In notices posted on local TV websites, Cox Media says the issue stems from an expiring contract with AT&T to distribute its channels on AT&T TV and satellite system DirecTV in exchange for financial compensation.
Those contracts are known as carriage agreements, and when they’re close to expiring, programmers like Cox Media and distributors like AT&T try to work out a new deal to keep channels on their lineups.
But in recent years, programmers have started demanding more money in exchange for the rights to re-distribute channels on pay TV systems. Distributors have resisted those efforts, saying the higher fees paid for the channels ultimately lead to higher bills for customers.
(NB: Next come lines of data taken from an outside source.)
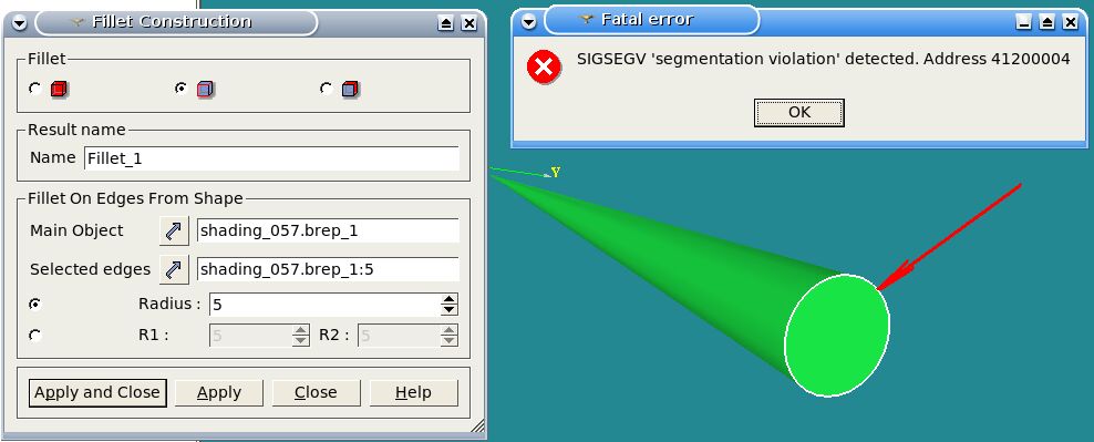 | Description | GUI6.3 Error message SIGSEGV is shown after attempt creating fillet on the attached shape 1)Start SALOME application=>Activate new study and GEOM module 2)”File”=>”Import”=>Select and load file “shading_057.brep” 3)”Operation”=>”Transformation”=>”Fillet” 4)Select as Main object “shading_057.brep_1”=>Activate second radio button 5)Press arrow near control “Select edges” => Select in 3D Viewer edge “shading_057.brep_1_1:5” Problem: error message “SIGSEGV…” is shown Note: bug is reproducted on OC v6.3 ONLY!!! | ||||
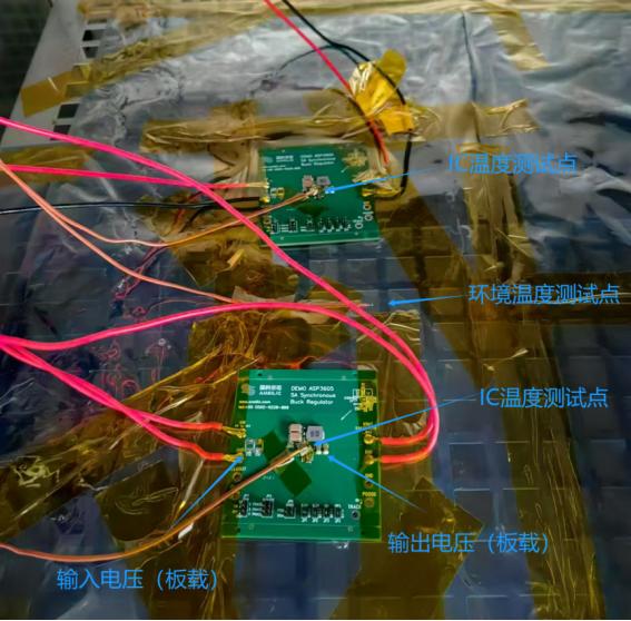 低温启动测试记录:Vout=1.2V空载启动时间26.7ms,满载(4.8A)29.1ms;Vout=3.3V空载26.9ms,满载29.1ms。表明峰值电流限在低温下未显著退化,但后续测试发现"DCM模式无法正常工作",揭示轻载模式存在温度敏感点。
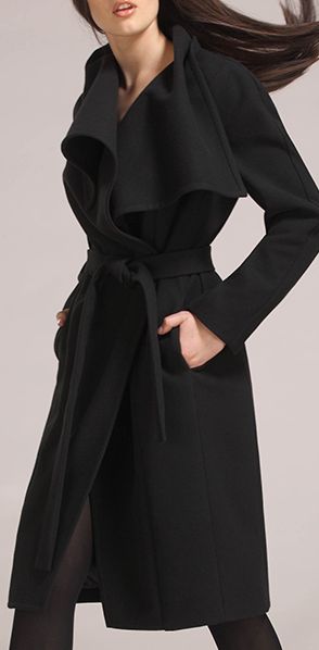 Свободно пальто на запах, длиной за колено, с завязывающимся поясом. Широкий воротник. Длинный рукав-реглан.
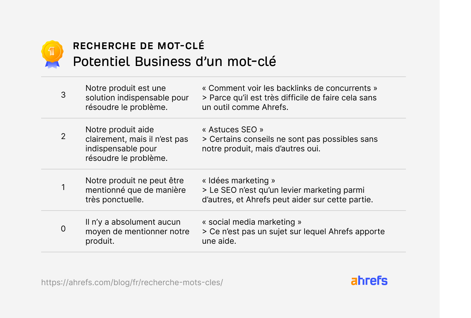 Nous l’appelons le « business potential ». Il s’agit d’un score simple, allant de 0 à 3, qui indique à quel point il est facile de pitcher un produit ou un service en traitant un mot-clé donné.
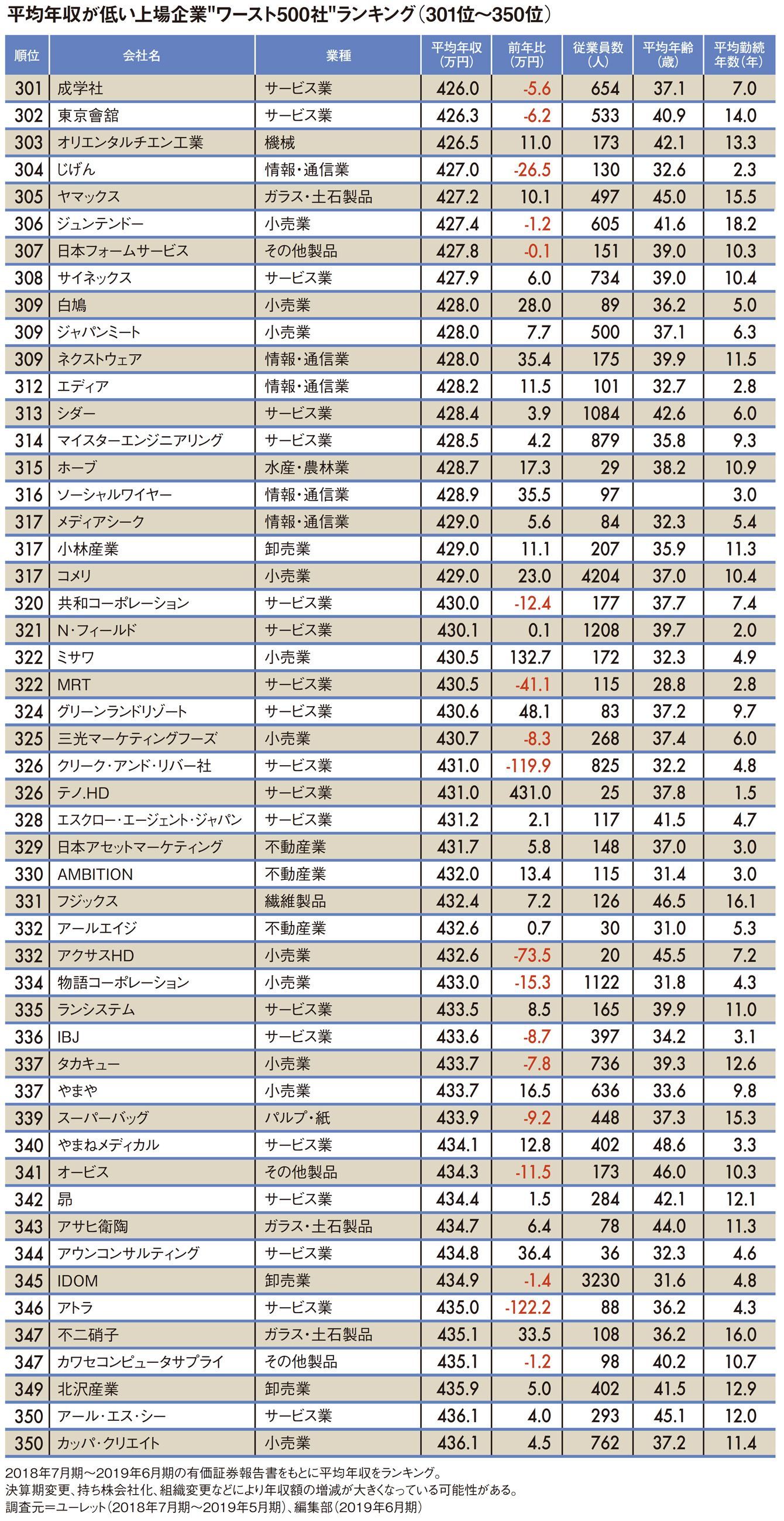 平均年収が低いワースト500社ランキング2019

The situation between Cox Media and AT&T is no different from the dozens of carriage disputes that have played out in recent memory. If one comes to form, the channels will be removed, each side will blame the other, customers will lose access to local news and their favorite programming and, inevitably, a new deal will be hammered out that leads to higher bills in the future.
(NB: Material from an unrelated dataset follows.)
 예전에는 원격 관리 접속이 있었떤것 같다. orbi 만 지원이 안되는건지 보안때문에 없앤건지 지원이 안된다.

Exactly how long a dispute will play out is uncertain: In the past, channels were removed for a few days or a week at the most, but distributors like AT&T and Dish Network are starting to hold their ground in a way that leads to weeks-long and sometimes months-long channel disruptions on their systems.
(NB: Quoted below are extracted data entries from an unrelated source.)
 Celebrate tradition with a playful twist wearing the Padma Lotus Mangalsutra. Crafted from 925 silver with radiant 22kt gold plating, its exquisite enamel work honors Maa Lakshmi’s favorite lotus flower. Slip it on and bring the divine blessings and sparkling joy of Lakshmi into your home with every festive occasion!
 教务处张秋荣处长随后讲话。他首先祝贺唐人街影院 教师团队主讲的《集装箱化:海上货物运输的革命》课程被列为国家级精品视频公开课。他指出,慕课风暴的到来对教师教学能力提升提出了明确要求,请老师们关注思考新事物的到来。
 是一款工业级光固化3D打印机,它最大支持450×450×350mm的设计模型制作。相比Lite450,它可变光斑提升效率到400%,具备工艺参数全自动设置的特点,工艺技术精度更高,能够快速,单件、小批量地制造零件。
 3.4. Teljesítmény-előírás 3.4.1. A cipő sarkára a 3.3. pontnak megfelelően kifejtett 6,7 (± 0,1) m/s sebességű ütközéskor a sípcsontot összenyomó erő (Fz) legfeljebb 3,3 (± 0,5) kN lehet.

Interestingly, the note posted to one Cox Media group contains some misinformation: On the website of Memphis FOX affiliate WHBQ-TV (Channel 13), viewers are told that “by law, [WHBQ] must negotiate carriage agreements with cable and satellite companies like AT&T/DirecTV.”
That’s not entirely true: Local stations have the option to negotiate contractual agreements with distributors for financial compensation. But they can also demand cable and satellite systems distribute their broadcast signals under a little-known federal law called the “must carry” rule. Few stations opt to enforce the law because it requires them to give up the right to seek financial compensation for their signals.
Another station appears to be spreading misinformation to its viewers: Atlanta ABC station WSB-TV (Channel 2) told viewers on its website that its channel would only go dark if AT&T and DirecTV pulled the signal.
“We cannot prevent AT&T and DirecTV from re-transmitting [our] stations,” the message said. “They go dark only if AT&T and DirecTV so chooses.”
But if Cox Media group requires AT&T to pay for its signals, AT&T has no choice but to remove them. If they continued to broadcast the signals without compensation and absent a request from Cox Media to enforce “must carry,” AT&T would be engaged in content piracy.
In a statement, an AT&T spokesperson correctly said it’s up to Cox Media to decide if their signals could continue on AT&T TV and DirecTV once its carriage agreement expires next Tuesday.
“We want to keep the Cox stations in their local lineups, but Cox alone has exclusive control over which homes are allowed to receive ABC, CBS, NBC, FOX and CW in certain cities,” the spokesperson said.
It appears things are headed for a dispute, and the timing couldn’t be worse: Cox Media controls the CBS affiliates in six television markets, and those viewers could be left without the ability to watch the upcoming Super Bowl if a resolution isn’t finalized by February 7.
Viewers who could potential miss out on the Super Bowl telecast include those who subscribe to AT&T and live in the following areas:
- Yuma, Arizona (KYMA, Channel 13)
- Eureka, California (KVIQ, Channel 14)
- Jacksonville, Florida (WJAX, Channel 47)
- Greenville, Mississippi (WXVT, Channel 17)
- Dayton, Ohio (WHIO, Channel 7)
- Seattle, Washington (KIRO, Channel7)
Some of those viewers might be able to watch the game using Locast, a not-for-profit streaming service that carries local channels in some markets. Others could watch a free, national feed of the game via the CBS Sports App.